Baucus explains 'train wreck' comment on health care

2013-04-18T18:46:00Z 2014-08-25T06:34:08Z Baucus explains 'train wreck' comment on health careBy MIKE DENNISON Gazette State Bureau The Billings Gazette
April 18, 2013 6:46 pm  • 

HELENA — Sen. Max Baucus, a key architect of the Affordable Care Act, said Thursday that his “train wreck” comment about the health-care law’s implementation was not a condemnation of the law.

Baucus, who made the comment at a Wednesday meeting of the Senate Finance Committee in Washington, D.C., said he was merely saying that many people are confused about the law, and that the Obama administration must do a better job informing people about its benefits.

“This is a good law, but it can’t work if people don’t understand it,” he said in a press release Wednesday after the Finance Committee meeting. “The administration must use every day between now and Oct. 1 to have insurance marketplaces up and running.”

At the meeting, Baucus was addressing U.S. Health and Human Services Secretary Kathleen Sebelius, and said he’s concerned about the public’s lack of understanding of key elements of the law that take effect in October and January.

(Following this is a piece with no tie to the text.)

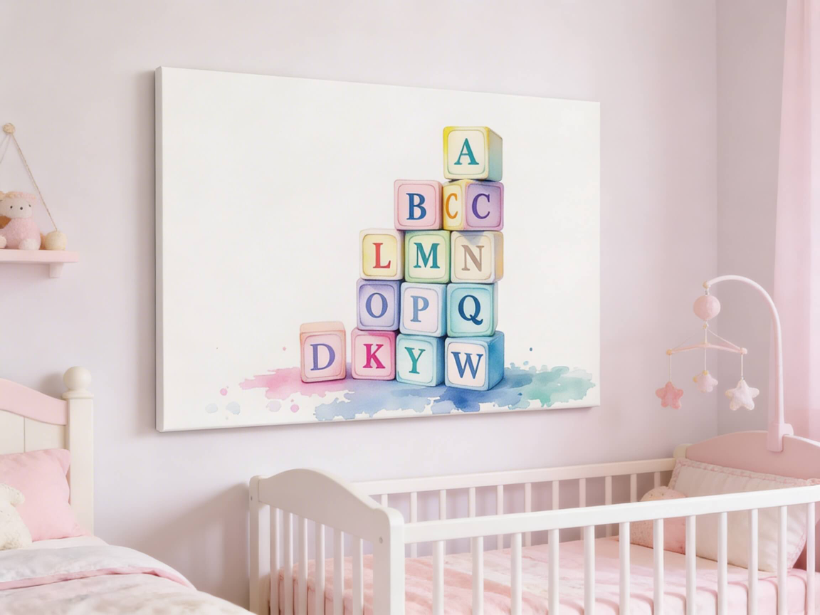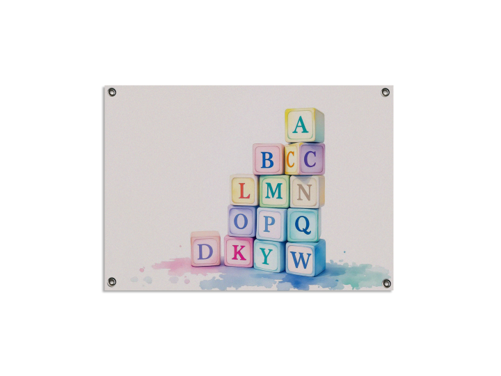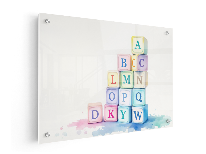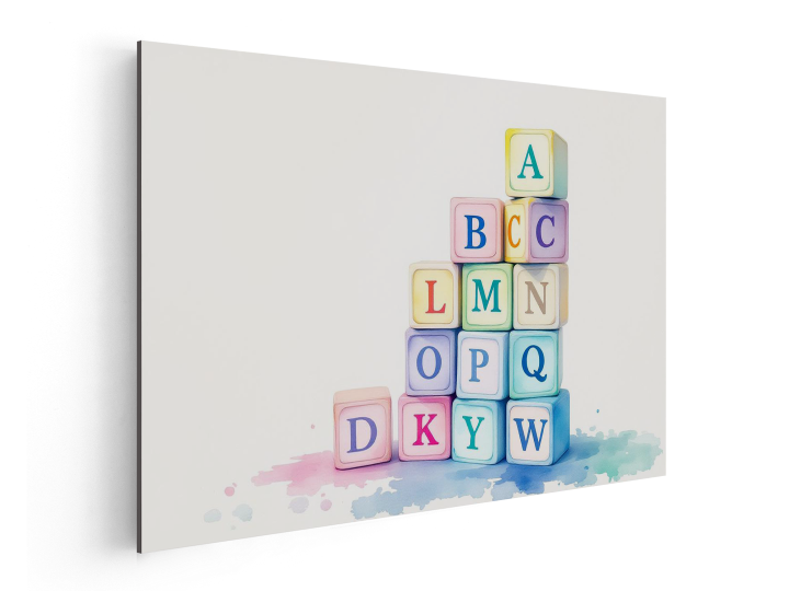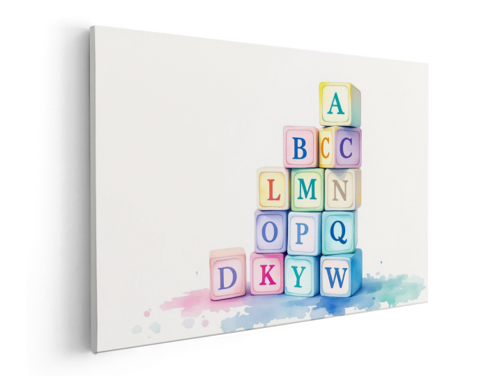 Een abstract aquarel schilderij, met pastelkleurige speelblokken met alfabetische letters, speels opgestapeld, tegen een crèmekleurige achtergrond.

He said he sees “a huge train wreck coming down” if the public is unaware of the law’s benefits and requirements.

Starting Oct. 1, people without health insurance can sign up to buy policies via an Internet marketplace — and get federal subsidies to help with the purchase, if they’re eligible. All U.S. citizens are supposed to have insurance by 2014 or face a potential tax penalty.

Baucus said he traveled Montana extensively this month and met with many business owners and people who had questions about how the law works.

Mike Fierberg, a spokesman in Denver for HHS’ Center for Medicare and Medicaid Services, said Thursday his office is planning outreach activities in Montana and other states, and that $600,000 will be available to hire and train “navigators” in Montana to help explain the law.

Groups will apply to the agency for grants to train navigators, which will travel the state and help people understand how to sign up for health insurance on a new state Internet marketplace, he said.

“We have a lot of people who are going to be eligible, and most don’t know they are eligible, and many of them have no experience with health insurance whatsoever,” Fierberg said. “Education and outreach is going to be very, very important.”

The federal government is building Montana’s Internet health-insurance marketplace, which is supposed to be launched Oct. 1.

“We believe we’re going to be on time, on schedule and that everything will be up and running when it’s supposed to be,” Fierberg said.

State Auditor Monica Lindeen, whose office regulates insurance, also said Thursday her office will do what it can to help health insurers, brokers, insurance agents and consumers — but that her office hasn’t been given any additional resources for that purpose.

Lindeen said she had pushed for the state to build its own insurance Internet marketplace, but the 2011 Legislature rejected that request.

Some Republicans at the Montana Legislature also seized on Baucus’s “train wreck” comments Wednesday and Thursday, as they reiterated their opposition to accepting federal Medicaid money to expand coverage for low-income Montanans.

House Speaker Mark Blasdel, R-Somers, said the comments echo Republicans’ concerns that elements of the federal health-care law won’t work and should be resisted.

But a spokeswoman for Baucus said Thursday he was neither expressing doubts about the law nor suggesting any problems with Medicaid expansion.